The whole gaggle of them hushed and glared at the cousins. It would go this way a fair bit: Lucas looking tough, Joss leeching off that toughness, counting himself lucky to share blood with him, and Billy Bird’s Eye letting his gaze do the talking. Deep down, I reckon the rest of those boys knew the cousins had something they didn’t, because nobody let slip a single word against Lucas. The Headmaster, arms crossed, said with a grin, Well boys, who’s going to prove him wrong?

They killed a goanna, each for a different reason, though I suppose that doesn’t quite matter. When they were raining down blow after blow, they had the same scene in mind: shattered scales and broken teeth, bloody bones, claws and carnage. Nobody amongst them knew it would happen. See, it started out harmless enough, though these things tend to crescendo don’t they? Harmless, depending on who you ask I suppose.

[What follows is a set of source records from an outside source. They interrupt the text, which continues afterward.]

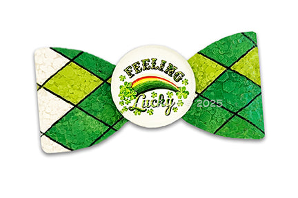 Shades of green and white argyle with a rainbow and clover center that says Feeling Lucky. Celebrating St. Patrick's Day in style! Stiffened for extended wear; Standard size, approx 2" wide.
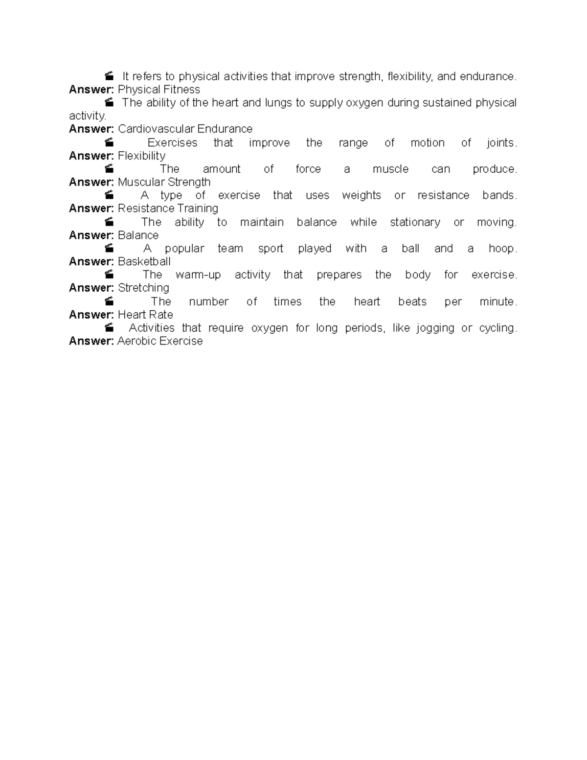 PE Quiz - Physical Fitness Concepts and Terminology - Studocu
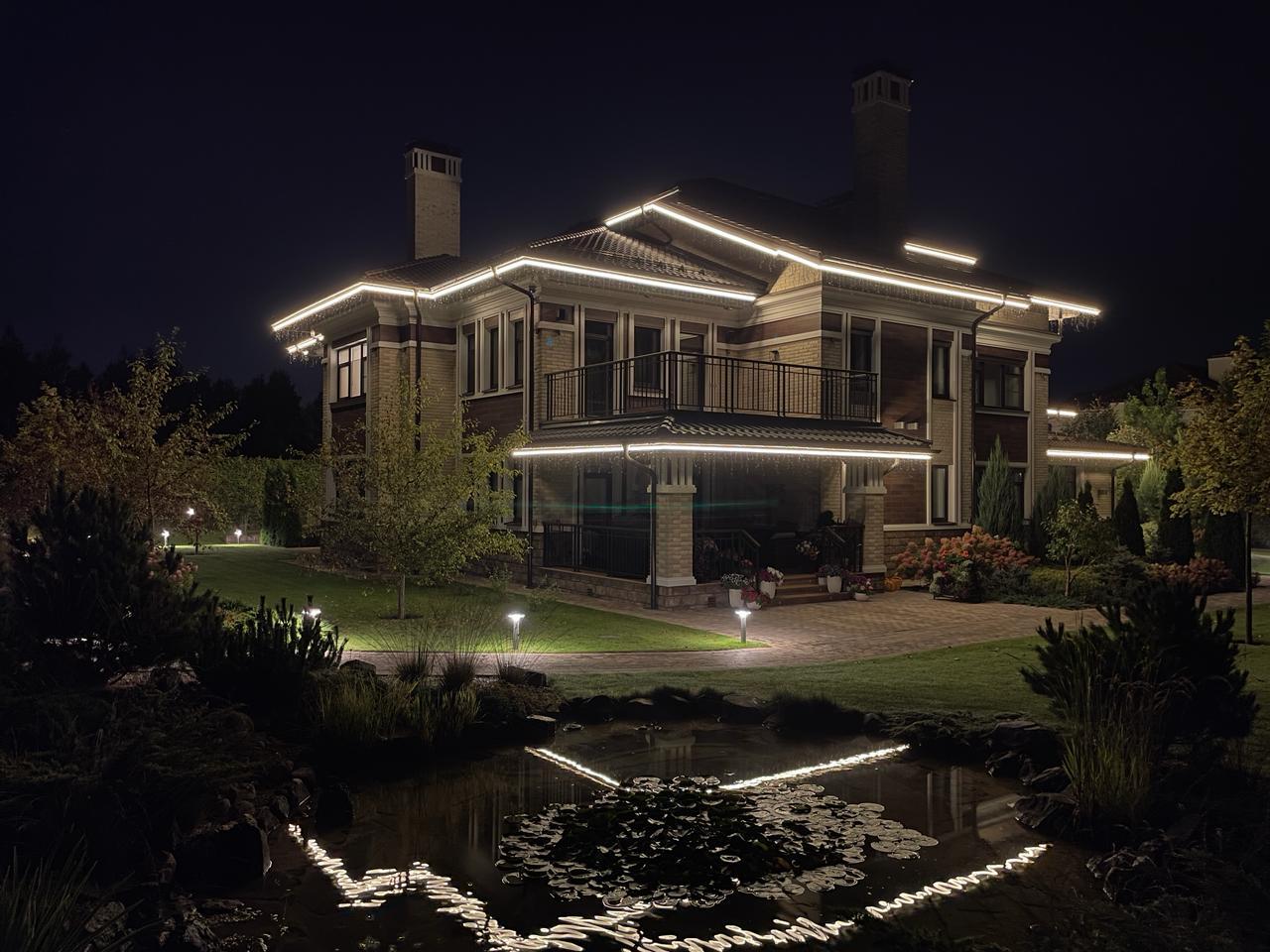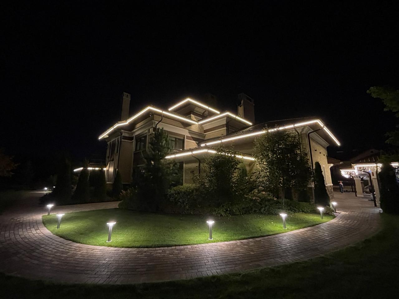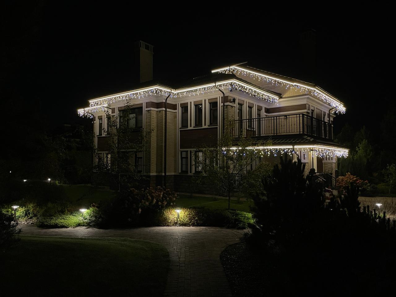 Фасад имел несколько уровней: верхний контур, средний, навесы и входные группы. Электромонтаж был выполнен скрытно — без видимых проводов и кабелей. Для сложных участков использовались промышленные альпинисты, монтаж вёлся с верёвок, чтобы не повредить кровлю и отделку.
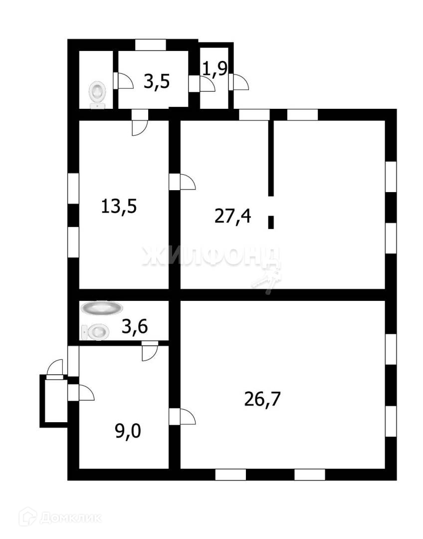 Жилая площадь 27.7 м2
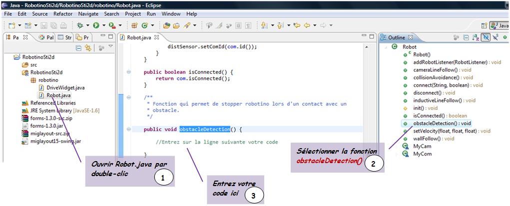 Problématique : désormais Robotino peut être commandé dans toutes les directions et avec la possibilité d'augmenter sa vitesse en marche avant pour une plus grande souplesse d'utilisation. Toutefois il faut prendre en compte le fait que Robotino puisse rencontrer un obstacle avec une vitesse qui peut être importante.
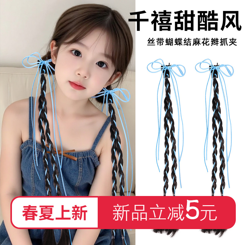 甜酷抓夾麻花辮兒童絲帶蝴蝶結假發辮表演女童臟辮發飾雙馬尾頭飾
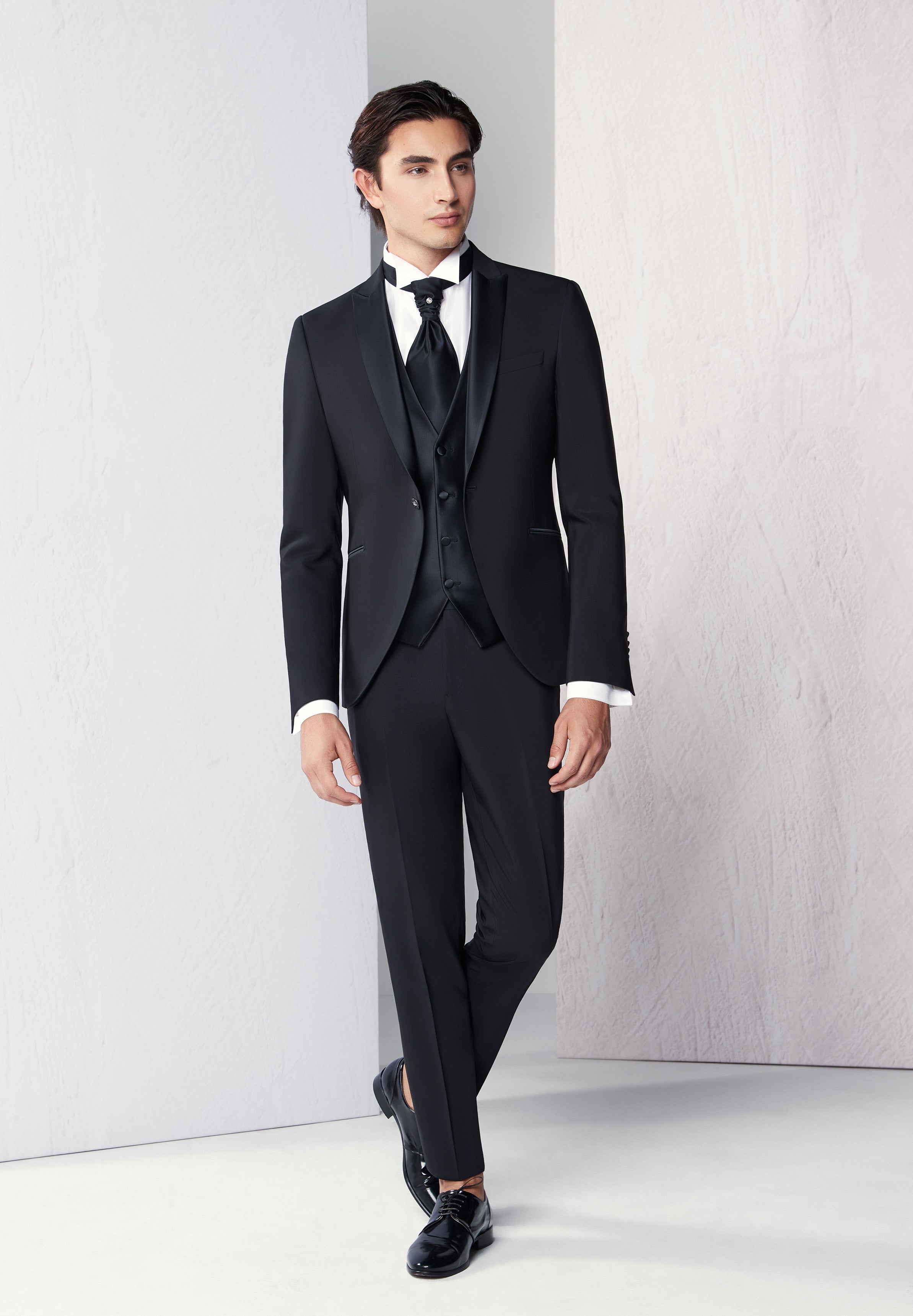An elegant and decisive black suit, featuring a single-breasted jacket and satin peak lapels that add a touch of refinement to the clean lines. The matching waistcoat and matching tie complete the look, perfect for ceremonies and formal events that demand class and timeless style.
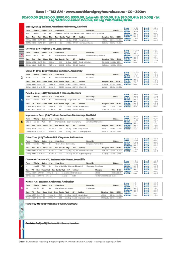 Race 1 11:12 AM www.southlandgreyhounds.co.nz C0 390m $2,400.00 ($1,320.00, $550.00, $330.00, [plus 4th $100.00, 5th $50.00, 6th $50.00]) 1st Leg TAB Concession Double; 1st Leg TAB Treble; First4

I wonder whether that crafty Headmaster had an inkling of what was to come. Why else rile them up with bearpoke taunt? You could smell his words all in the air, creeping into the boys’ ears and ring-a-ring-a-rosying round their minds, daring them to drop dead. Some did – couldn’t hack slithering through mud like a brown snake, bounding through thickets and thorns, ripping grunts and growls from their squeaky voices. There was no room for tears if you caught a splinter from dragging and flipping logs. Instead, the senior boys brought by the Headmaster, adorning medals and muscles from camps prior, blasted the soft young brains with chants of Oomp papa oom pa! and obscene songs about feeding fires. Then after a handshake and ring-kiss from a local farmer, the Headmaster brought out the sheep. Are you gonna let that precious wool escape? Or are you gonna make sure it goes to the Kingdom? he asked. The senior lads spat out instructions like generals on the battlefield. Some of the boys followed, charging at the sheep, who raced around in a blind craze. The lot who stood fused to the earth, confused and cautious, well, they got the same treatment that the slow horse gets when there’s a hefty bet.

Go Go Go!

Again Again Again!

Move it Move it Move it!

Faster you pussy peasants!

If the boys had grievances or cries of anguish, they let them loose into the thick wool as they slammed into the sheep, dragged them by their feet, over and over again until, to the kids, they were just meat.